The problem is that the sampling theorem clearly defines a limit, the so called Nyquist frequency that is disallowed to pass. If you break the limit, the theorem clearly says that you can no more expect sensible results. So, as soon a nonlinearity multiplies the initial bandwidth, you are very likely to break the theorem (and your signal’s integrity). Aliasing appears. Content that wasn’t present before. The third harmonic of a 12kHz partial (36kHz) then suddenly lands at say, 2Hz, without any loss of energy. A sine turns into a wild sawtooth. A wrong chord appears. HF sounds metallic. The sound of digital audio 1998.

These are very serious problems that ask for very specialized solutions. for example, most nonlinearities, when fed with a sine, prominently generate third harmonic partials. All saturators do this. this already triples the bandwidth of the original material. This is the simplest case, and already reaches the limits of DIY oversampling! [4:25 PM] Fabien TDR: More serious anti-aliasing can only be done at the core of the algorithms. While manual oversampling can help here and there, with weak pugs in particular, it doesn’t have a very good cost vs benefit ratio, and imposes clear limitations on the audio (the SRC’s Nyquist filter).

In Kotelnikov for example, you have a multi-stage resampling scheme, and only what the compressor “does” really runs at higher rates, not the audio itself. If anything, resampled audio is only being added to the input. In insane mode, the peak detector runs at 16x the audible bandwidth. No way to achieve this via DIY resampling.

In that sense, our plugins do not oversample. they sample “right” and give each nonlinearity the room it needs to work without creating aliasing.

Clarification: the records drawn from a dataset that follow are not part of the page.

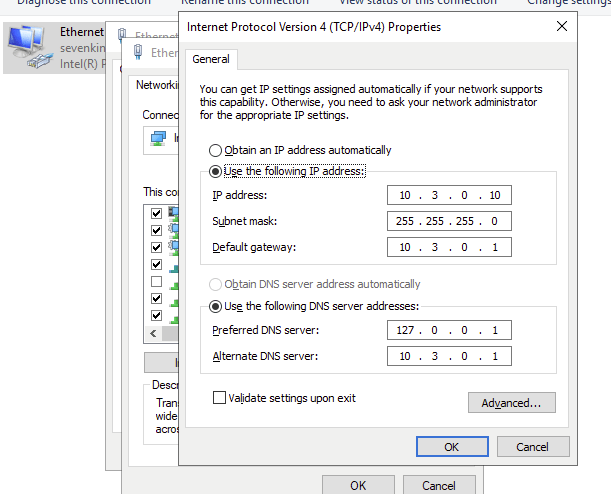 Next, ensure that each machine joined to a particular domain has the IP Address of the corresponding domain controller as its primary DNS. For instance, the braavos.essos.local server will need to resolve the essos.local domain so I set the DNS ip to that of the meereen.essos.local machine.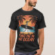 Ce t-shirt noir présente une représentation graphique d'un squelette portant un casquette et une planche de surf sur une plage. Des palmiers, un coucher de soleil sur l'océan, et le texte "TROUVEZ-MOI DANS L'OCÉAN" en orange complètent le design. On y trouve une interprétation humoristique de l'après-vie à la plage.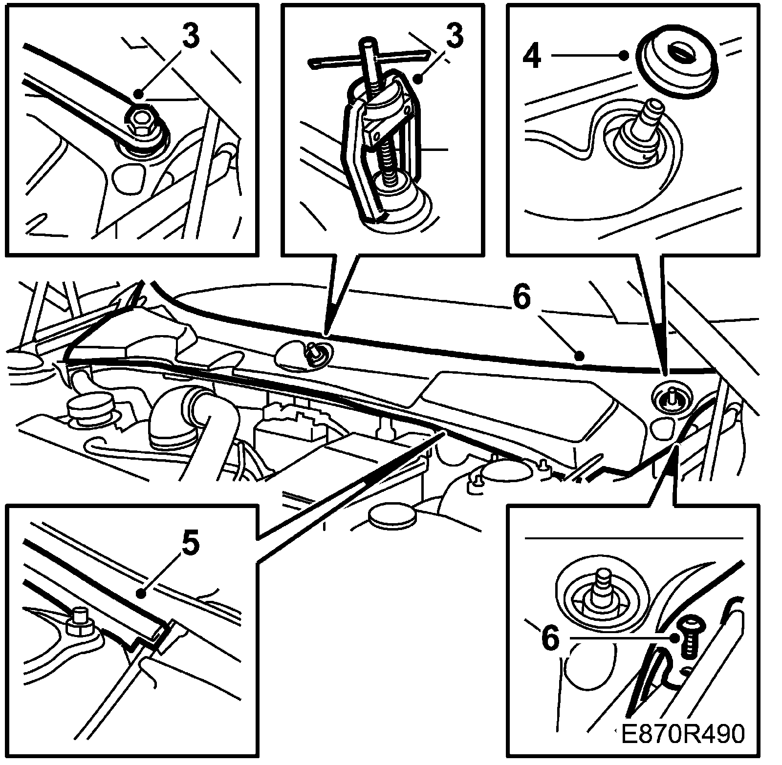 3. Remove the wiper arms with special tool 85 80 144 Puller, windscreen wiper arm.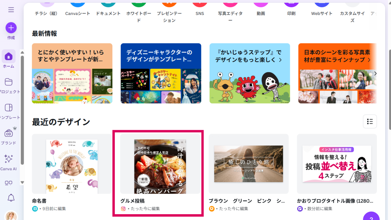 Canvaには、デザインや素材を探す時間を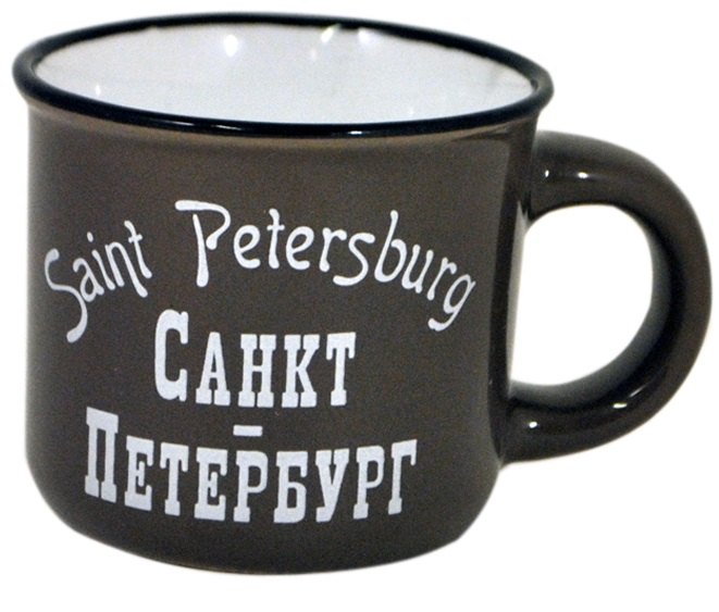 Кружка Санкт-Петербург коричневый фон, керамика, h=5,5см d=6,2см, 0.09л. без коробки

There’s no need to oversample our plugins. Use the quality dropdown instead. But other plugs, old ones in particular will probably benefit here and there.

Keep in mind though that more samplerate doesn’t equal better quality. It’s a balance, I’d say that oversampling to 88.2 or 96 is reasonable. But more really isn’t. It’s more important to pick right processors. 😃

What’s the most underexplored type of audio processing that devs aren’t giving enough attention to in your opinion

Fabien: There’s enormous potential in resynthesis, but we simply aren’t there yet. Resynthesis is difficult, but someone could solve this in the future. Then, incredible things would become possible (think melodyne). Klanghelm and Valhalla have excellent offers.

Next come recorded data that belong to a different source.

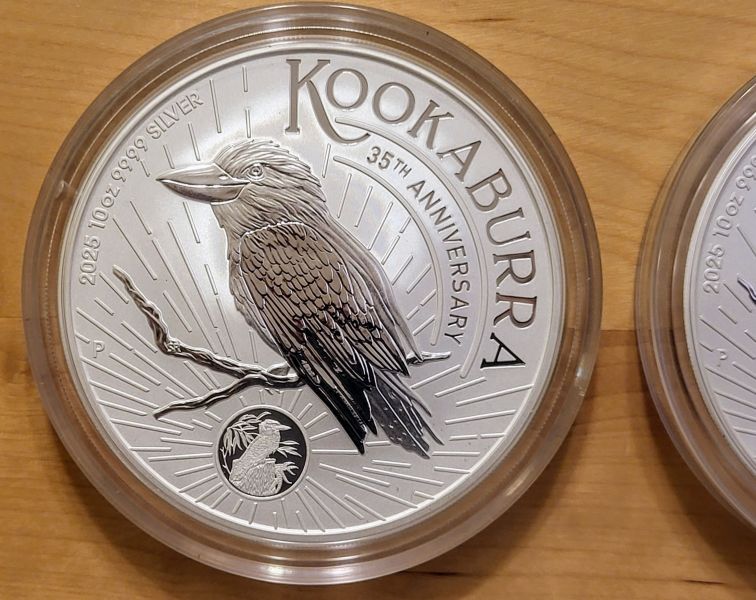 Srebrna moneta Kookaburra z roku 2025 świętuje 35. rocznicę jednej z najpopularniejszej bulionowej serii, Australian Kookaburra. Początkowo (nie licząc pierwszego wydania, które wybito tylko w jednej gramaturze – 1 uncja), kolekcję bito w czterech różnych rozmiarach: 1 kilogram, 10 uncji, 2 uncje, 1 uncja, natomiast w roku 2010 ograniczono ilość do 3 rozmiarów: 1 kilogram, 10 uncji oraz 1 uncja.
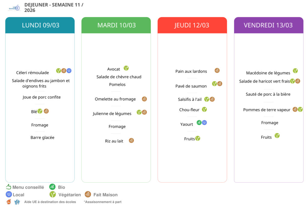 Menus du 9 au 13 mars 2026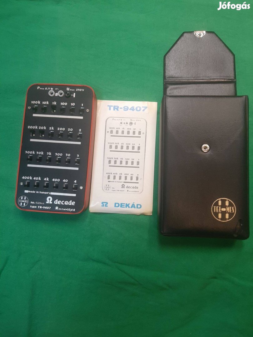 Precíziós dekád ellenállás TR-9407 típus, kiváló állapotban, magyar gyártmány. Ideális elektronikai mérésekhez, kalibráláshoz és oktatási célokra. Több ellenállásérték pontos beállítására alkalmas, könnyen kezelhető tolókapcsolókkal. Gyakorlatlag új állapotú

BTW while we’re at it, someone asked for my fave plugins. I more or less stopped using any third party plugins at my workplace. But I have huge respect for the old Waves renaissance series, I’m a fan of anything Crane Song.

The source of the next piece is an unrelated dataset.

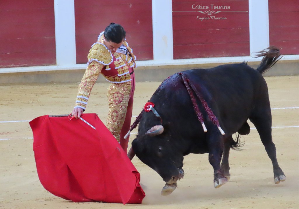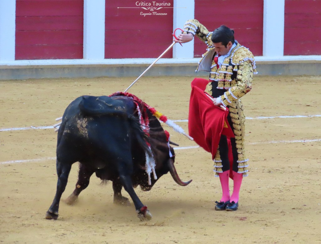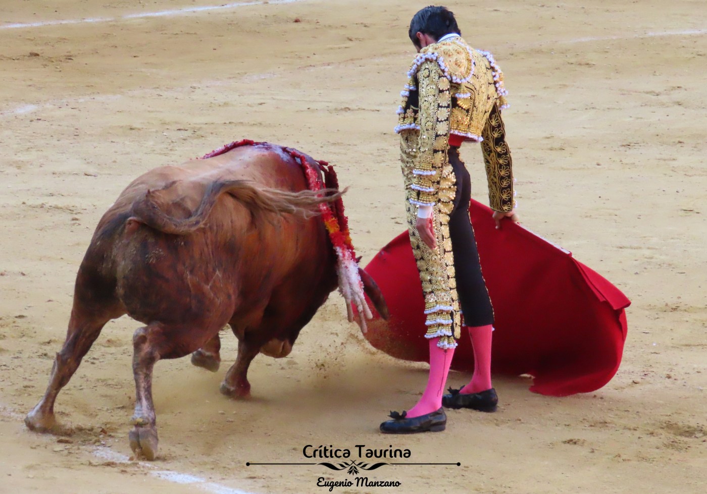 Morante tuvo que esperar un largo tiempo hasta que saliese el primero, seguramente, esperando a que entrase toda la gente, ya que esta plaza tiene muy malos accesos. Lo saludó con varias verónicas con empaque, pero enganchadas. Con la muleta dejó un natural al ralentí y otro enfrontilado a pies juntos de nota. Tampoco faltó su inspirado molinete, pero la faena nunca rompió por la poquita fuerza y la sosería del cuvillo.

You stopped with third-party plugins? Does that mean that you use TDR and first party (reaper?) plugins only?For most tasks I ended up building my own, even if it’s just to the fun of it

Fabien: I don’t produce music, keep this in mind.so, Eq, comp and limiters are typically everything I need.

b-b-b-but… reverb!

Fabien: good question

I totally dislike late reverb tails in my mixes! What I use is a lot of early reflection trickery

I mixed large parts of this album: https://www.youtube.com/watch?v=nRbY2mzXmjk

you should be able to hear these techniques


AdmiralBumbleBee: thank you very much! We very much appreciate your time and effort! This channel will be held as a shrine to your greatness.